From the records below, set down exactly the lines starting with the line that contains "Um auf lokale" and going on through the line that contains "Die von „Brot". Nothing else is wanted.

__Given information__:
● ● ● ●
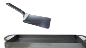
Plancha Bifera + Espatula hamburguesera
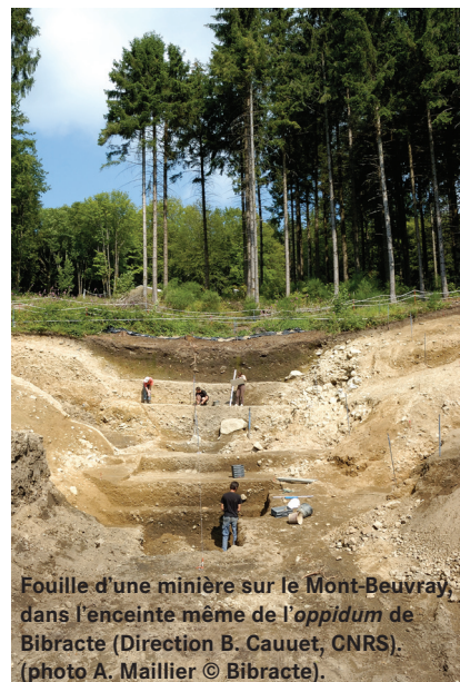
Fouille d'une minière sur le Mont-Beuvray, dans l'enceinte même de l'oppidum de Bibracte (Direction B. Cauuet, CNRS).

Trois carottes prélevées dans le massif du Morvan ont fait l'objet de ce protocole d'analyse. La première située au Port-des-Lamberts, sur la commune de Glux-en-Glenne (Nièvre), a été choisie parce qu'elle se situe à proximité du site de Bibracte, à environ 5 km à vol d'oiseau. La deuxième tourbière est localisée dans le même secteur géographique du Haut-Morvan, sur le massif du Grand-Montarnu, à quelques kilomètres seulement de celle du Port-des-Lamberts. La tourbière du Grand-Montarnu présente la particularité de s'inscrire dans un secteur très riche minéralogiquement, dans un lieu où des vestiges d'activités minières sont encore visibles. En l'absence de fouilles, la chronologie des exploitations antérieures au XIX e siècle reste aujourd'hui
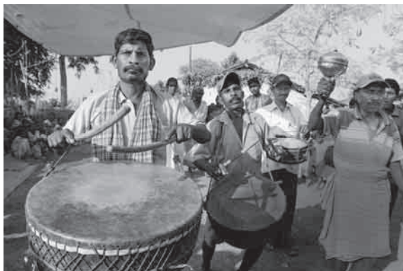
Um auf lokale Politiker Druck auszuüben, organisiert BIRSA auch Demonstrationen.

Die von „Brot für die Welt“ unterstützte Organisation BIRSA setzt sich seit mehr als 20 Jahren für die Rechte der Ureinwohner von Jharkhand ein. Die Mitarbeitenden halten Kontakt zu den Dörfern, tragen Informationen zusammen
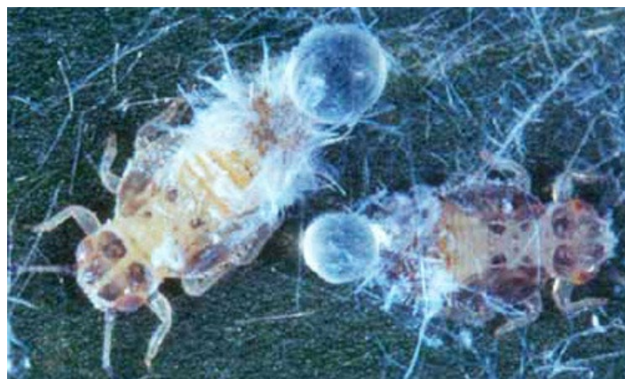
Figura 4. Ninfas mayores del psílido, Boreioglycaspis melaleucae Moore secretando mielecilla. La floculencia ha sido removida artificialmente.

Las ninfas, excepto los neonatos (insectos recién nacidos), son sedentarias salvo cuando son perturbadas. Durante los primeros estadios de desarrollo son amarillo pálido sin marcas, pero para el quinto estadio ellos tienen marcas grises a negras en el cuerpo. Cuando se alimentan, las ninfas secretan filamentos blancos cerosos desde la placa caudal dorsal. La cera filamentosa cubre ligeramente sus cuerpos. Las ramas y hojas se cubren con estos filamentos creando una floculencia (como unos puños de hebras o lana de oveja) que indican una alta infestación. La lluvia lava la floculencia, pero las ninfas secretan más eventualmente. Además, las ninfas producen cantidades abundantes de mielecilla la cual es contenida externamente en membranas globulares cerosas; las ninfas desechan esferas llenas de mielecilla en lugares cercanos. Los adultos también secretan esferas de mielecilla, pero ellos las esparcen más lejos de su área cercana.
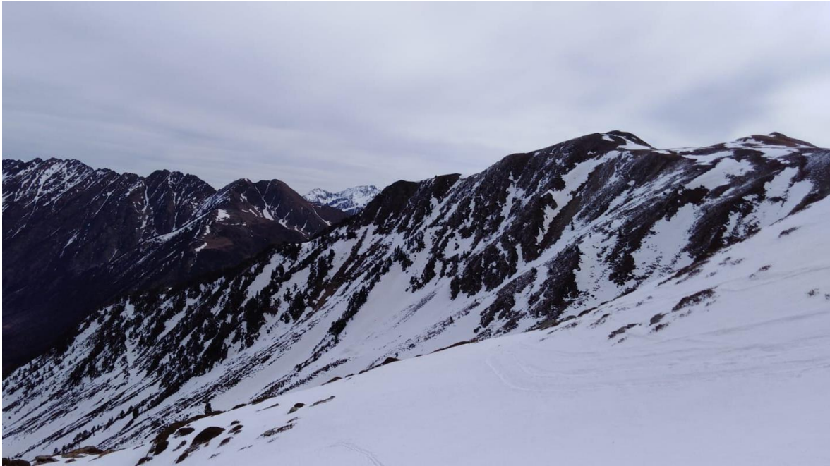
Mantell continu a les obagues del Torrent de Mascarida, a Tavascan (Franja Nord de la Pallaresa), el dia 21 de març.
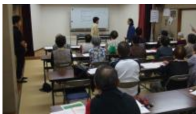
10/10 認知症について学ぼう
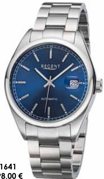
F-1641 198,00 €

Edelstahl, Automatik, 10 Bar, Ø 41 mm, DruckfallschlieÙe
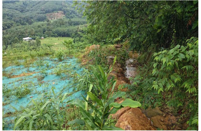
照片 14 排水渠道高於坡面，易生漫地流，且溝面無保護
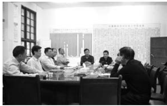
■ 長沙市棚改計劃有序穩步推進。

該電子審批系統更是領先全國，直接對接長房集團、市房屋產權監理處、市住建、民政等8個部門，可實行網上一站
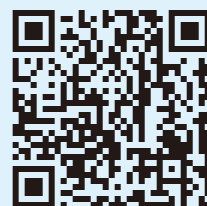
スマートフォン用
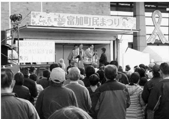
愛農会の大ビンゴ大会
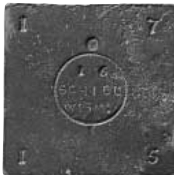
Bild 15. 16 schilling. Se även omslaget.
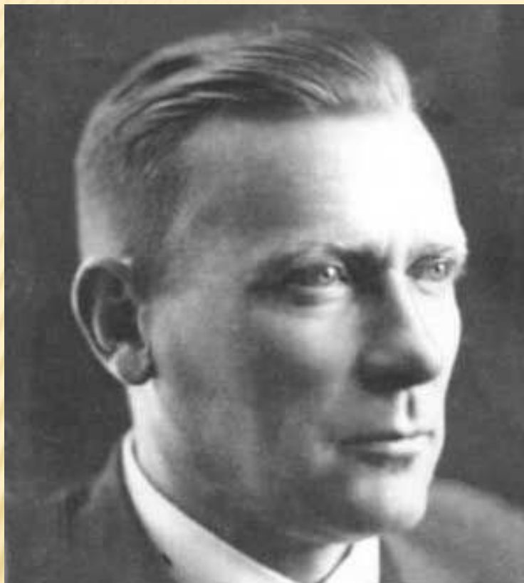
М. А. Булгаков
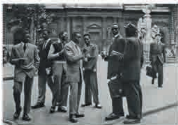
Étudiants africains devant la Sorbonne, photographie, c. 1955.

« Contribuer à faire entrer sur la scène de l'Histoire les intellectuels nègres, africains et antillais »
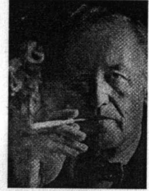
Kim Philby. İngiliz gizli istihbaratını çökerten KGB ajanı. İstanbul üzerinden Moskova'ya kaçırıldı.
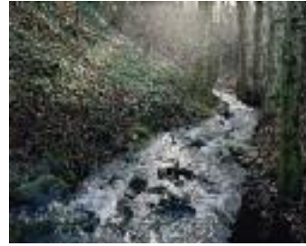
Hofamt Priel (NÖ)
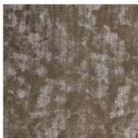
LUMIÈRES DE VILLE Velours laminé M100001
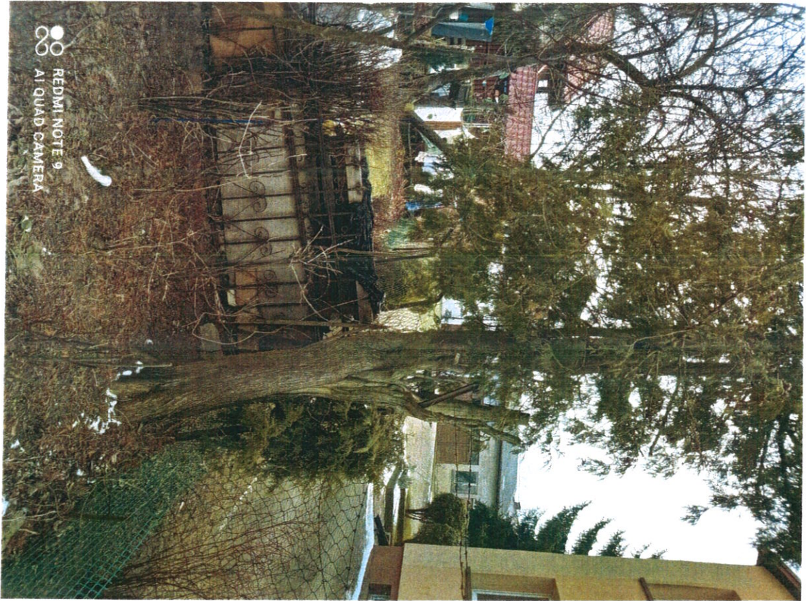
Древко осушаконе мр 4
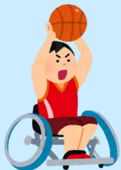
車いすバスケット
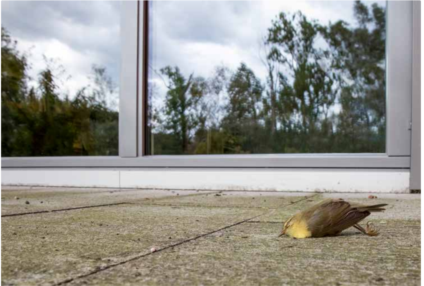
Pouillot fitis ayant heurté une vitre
● ● ● ●
__Solution for this problem__:
Um auf lokale Politiker Druck auszuüben, organisiert BIRSA auch Demonstrationen.

Die von „Brot für die Welt“ unterstützte Organisation BIRSA setzt sich seit mehr als 20 Jahren für die Rechte der Ureinwohner von Jharkhand ein. Die Mitarbeitenden halten Kontakt zu den Dörfern, tragen Informationen zusammen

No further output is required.